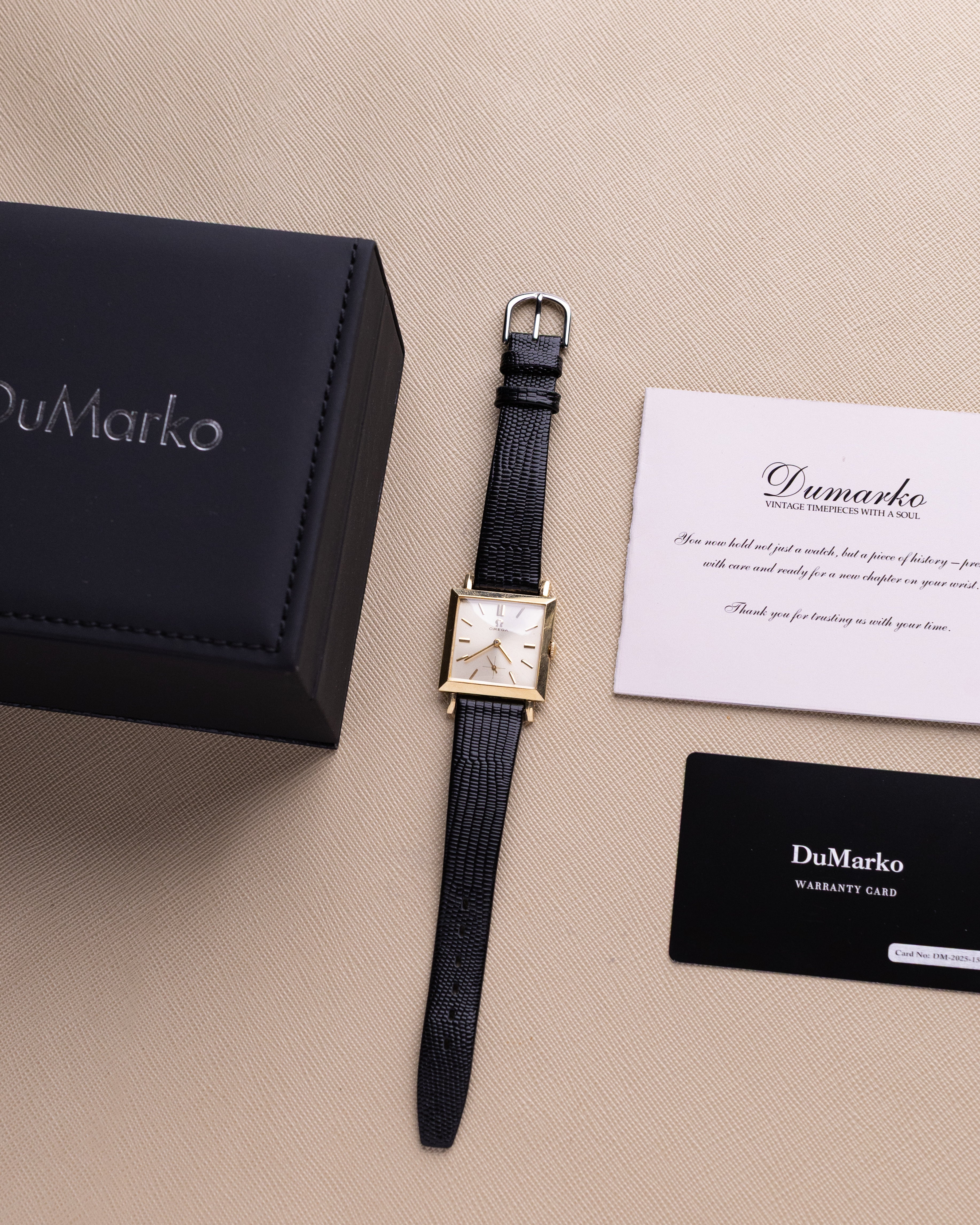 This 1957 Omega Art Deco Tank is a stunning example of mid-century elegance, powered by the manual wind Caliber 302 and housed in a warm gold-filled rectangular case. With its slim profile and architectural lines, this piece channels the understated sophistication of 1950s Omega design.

==

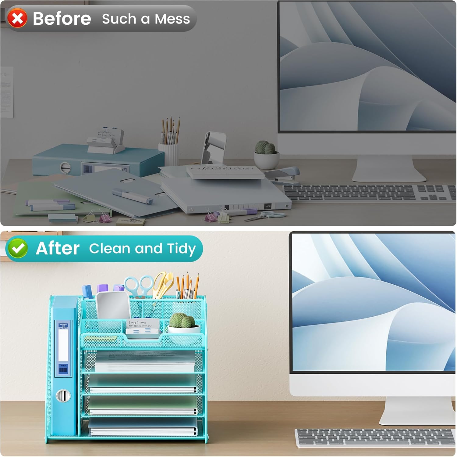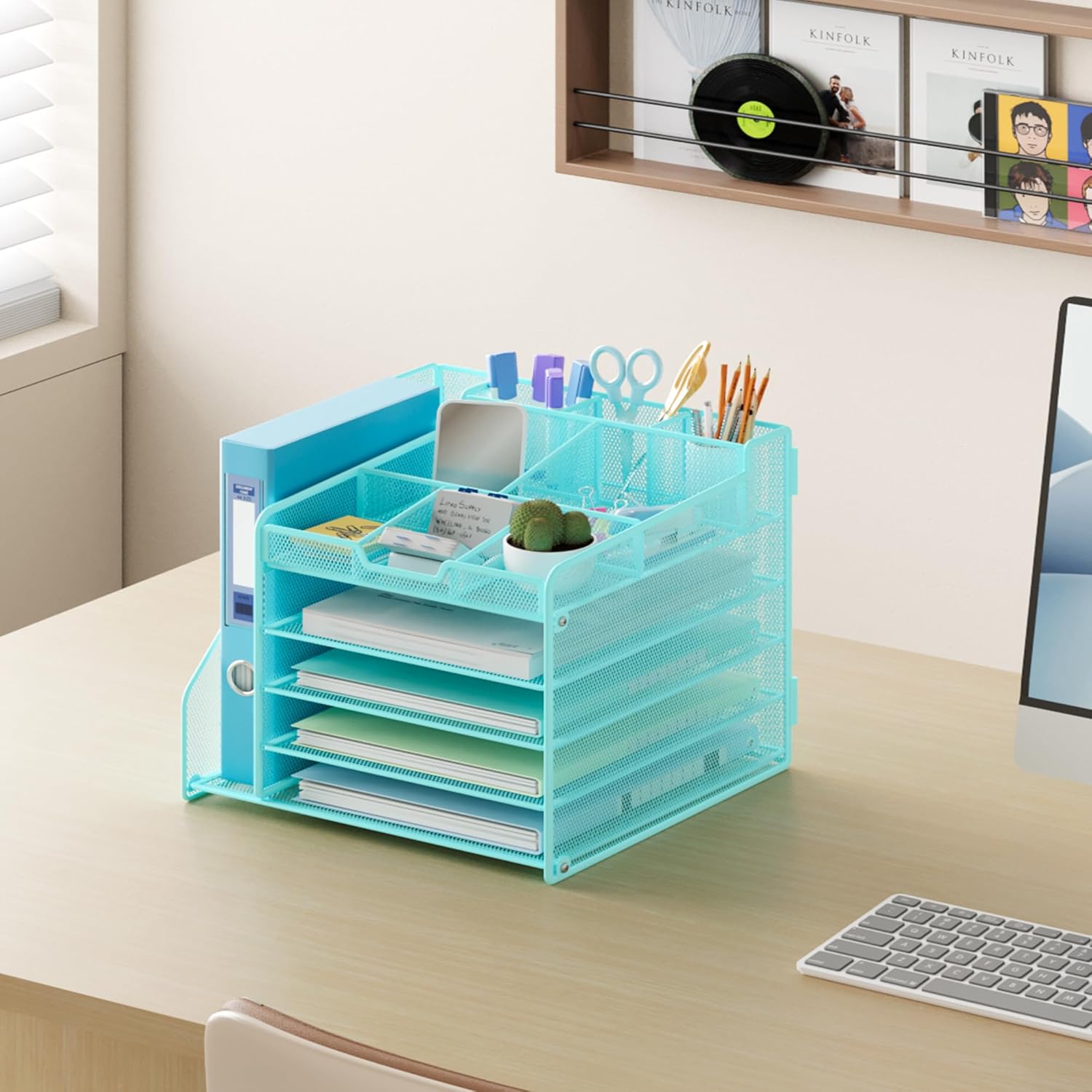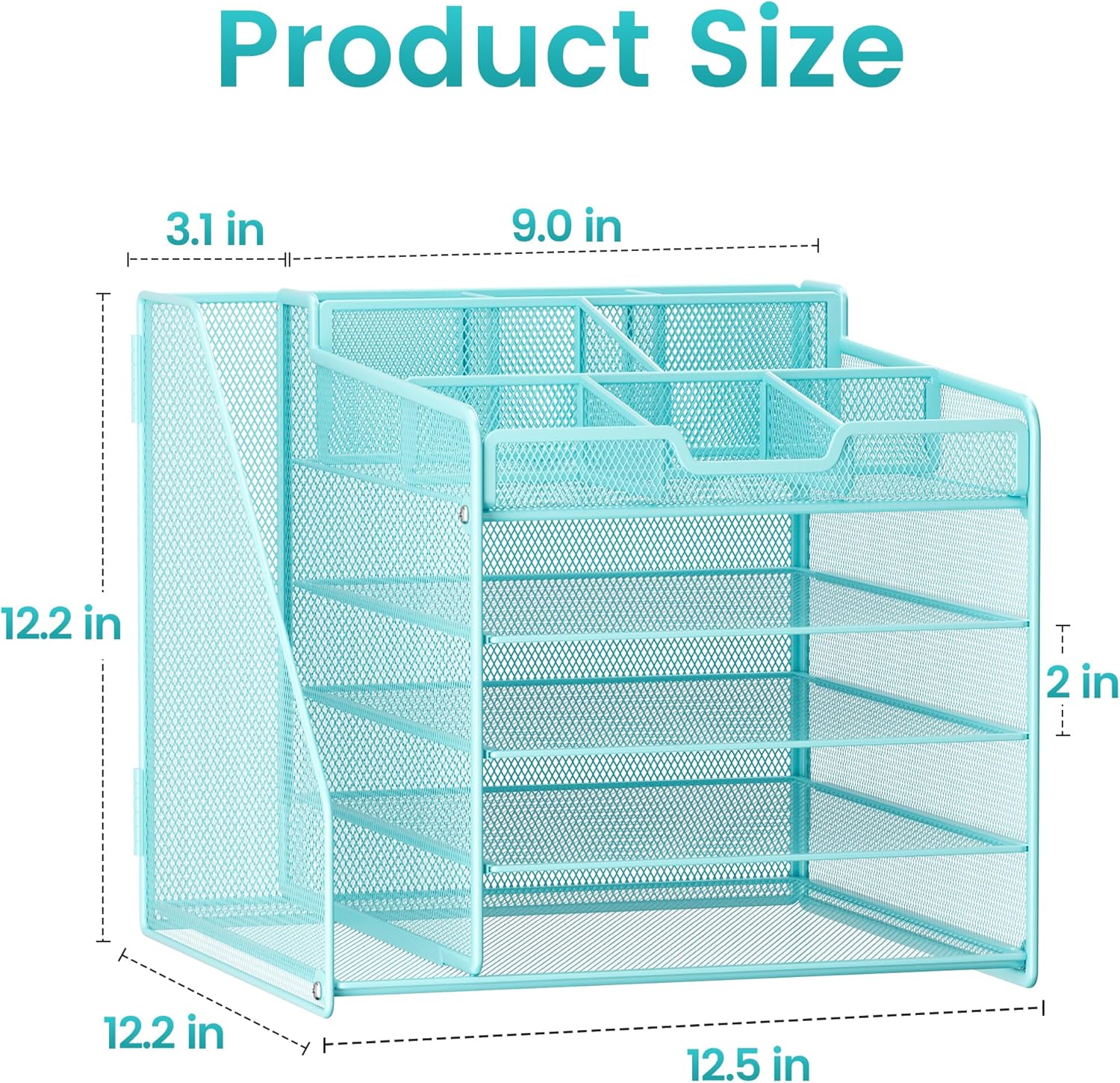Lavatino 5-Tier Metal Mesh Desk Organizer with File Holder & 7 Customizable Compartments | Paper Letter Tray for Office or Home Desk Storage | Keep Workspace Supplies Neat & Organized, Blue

---

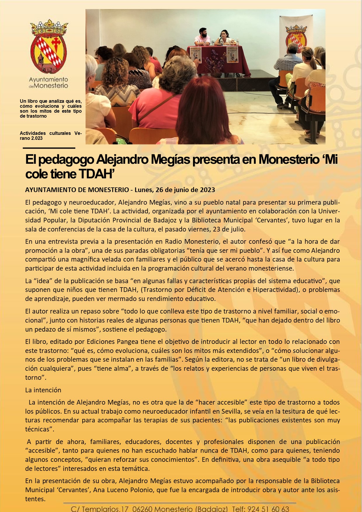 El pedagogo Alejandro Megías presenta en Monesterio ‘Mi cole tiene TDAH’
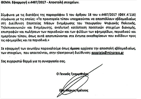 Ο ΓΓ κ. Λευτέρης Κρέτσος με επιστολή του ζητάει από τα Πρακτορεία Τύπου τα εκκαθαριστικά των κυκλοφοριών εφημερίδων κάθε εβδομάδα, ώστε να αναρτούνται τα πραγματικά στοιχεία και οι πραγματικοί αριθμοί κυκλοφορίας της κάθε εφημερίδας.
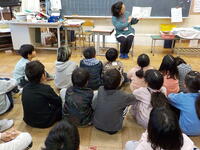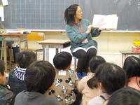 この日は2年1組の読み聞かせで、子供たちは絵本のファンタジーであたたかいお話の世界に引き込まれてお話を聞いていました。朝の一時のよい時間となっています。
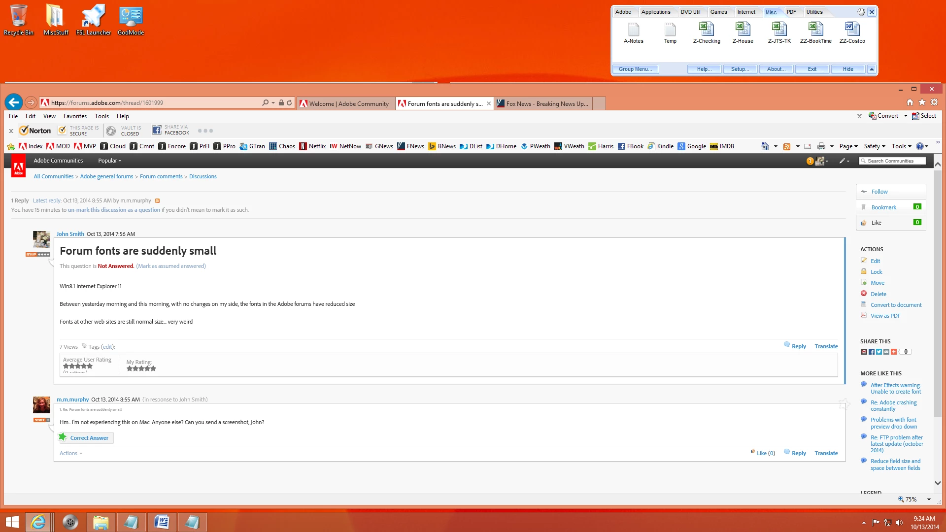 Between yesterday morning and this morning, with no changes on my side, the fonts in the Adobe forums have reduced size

**What the task asks**
Write back word for word every line in the entries above from the one with "この日は2年1組の読み聞かせ" to the one with "Between yesterday morning", ends included, and none of the pictures.

**Written answer**
 この日は2年1組の読み聞かせで、子供たちは絵本のファンタジーであたたかいお話の世界に引き込まれてお話を聞いていました。朝の一時のよい時間となっています。
 Between yesterday morning and this morning, with no changes on my side, the fonts in the Adobe forums have reduced size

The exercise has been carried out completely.